Sento il fragore delle ali che si spalancano e poi
il peso del cielo che cadeva sulle mie spalle, mentre la
gravità torna a
spingere sul mio corpo; mentre le zampe di Ignem si posano sul terreno
con un
sonoro botto io espiro con il fiato corto, ho trattenuto il fiato per
tutto
l’atterraggio e ora annaspo col battito del cuore accelerato.
Scivolo dal dorso della mia compagna e salto sul
terreno, mi siedo e affondo le mani nella terra aspra e secca, disegno
delle linee
come sulla sabbia e osservo le mie dita tracciare quei piccoli solchi.
Ormai è
ora di andare, saluto Ignem e salgo su Poseidone; in poco mi ritrovo a
galoppare tra campi, boschi e sterpaglie.
Riporto Poseidone alle stalle, accolta dallo stesso
stalliere che mi ha venduto il cavallo, mi guarda con occhio critico e
dice:
“Non ti ridarò i soldi senza la firma del
re”
Sospiro.
“Forse mi avete frainteso, non rivoglio i soldi; ma
il cavallo deve pur avere una stalla”
“Ma figuratevi, qui ci stanno solo i cavalli
dell’esercito e …” Inizia, ma una voce
leggermente acuta lo interrompe, mi
presto all’ascolto a quella voce di fanciullo ansimante.
“Signorina, il re vi manda a dire che questa sera
ci sarà un ballo e voi dovete assolutamente
partecipare” Un ragazzino sui
dodici anni, coi capelli biondi e gli occhi verdi mi riferisce il
messaggio,
sembra leggermente spaventato, lo posso capire.
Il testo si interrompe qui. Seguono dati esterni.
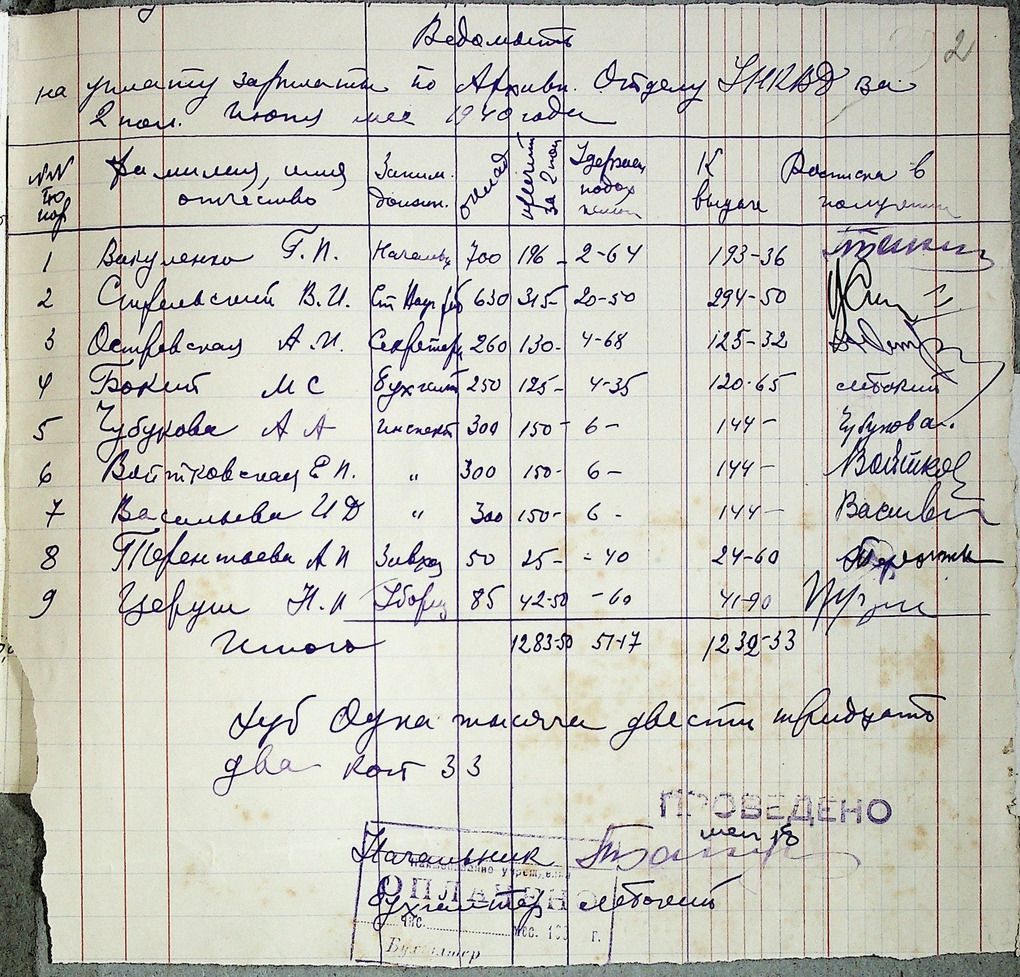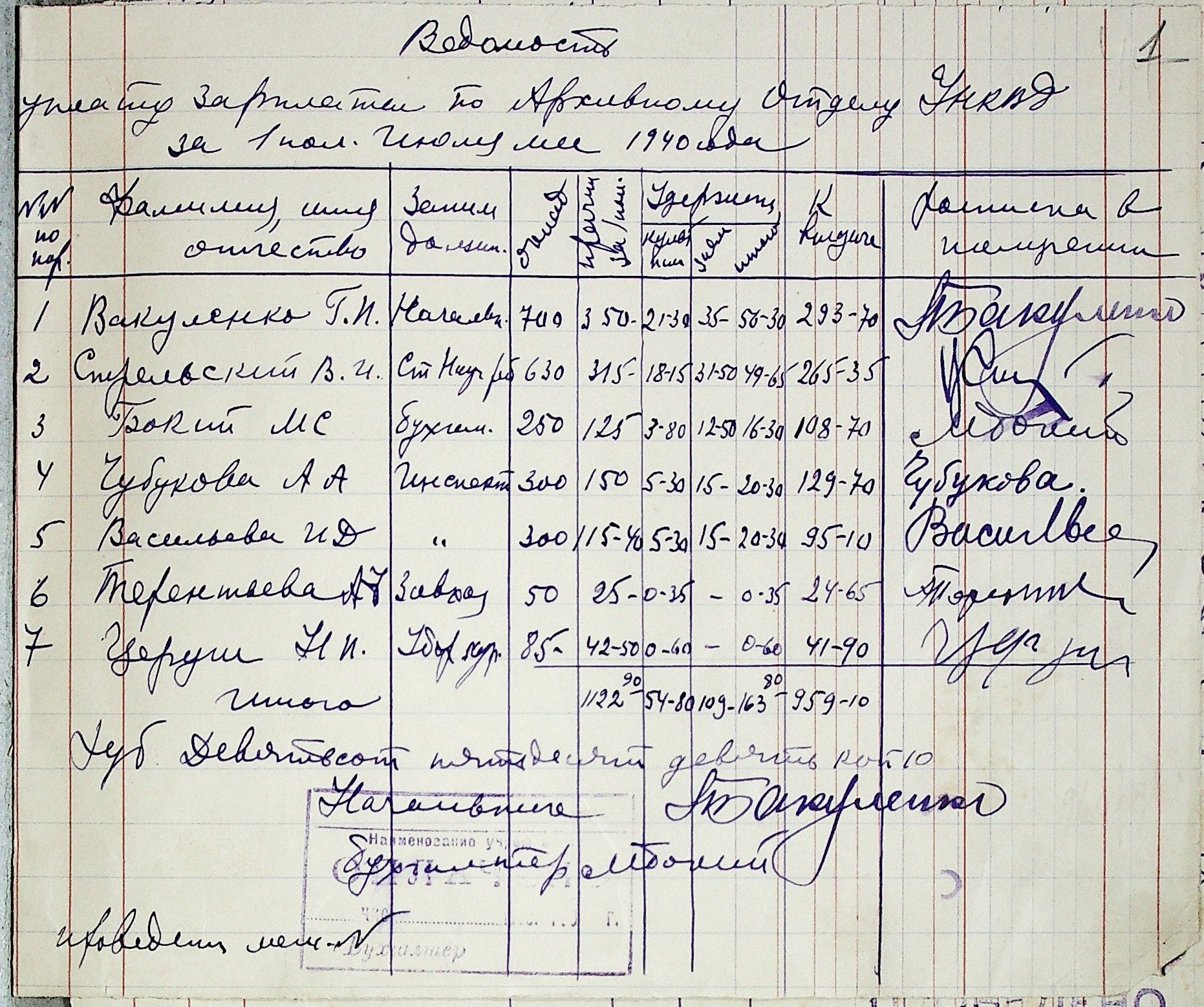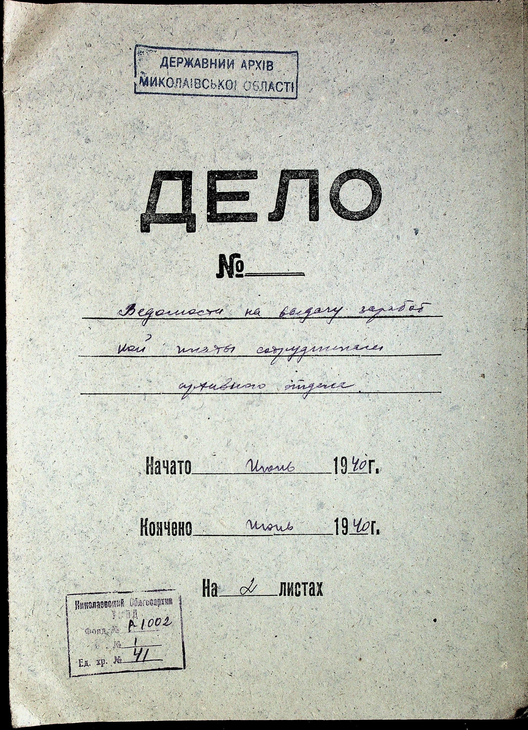 • • • • Справа № 41 “Відомості на видачу заробітної плати співробітникам архівного відділу за червень 1940 р.”

“Quando avrà luogo questo ballo?”
“Fra un’ora, il re a provveduto a procurarvi un
vestito adeguato” Annuisco e congedo il ragazzino con un
gesto.
Inizio a uscire dalle stalle ma lo stalliere mi
ferma, stringe il mio braccio trattenendomi, mi giro e lo colpisco in
viso con
un pugno; come si è permesso di toccarmi? Fino ad ora sono
stata una brava
bambina, ma questo non poteva durare; neanche fosse il re in persona.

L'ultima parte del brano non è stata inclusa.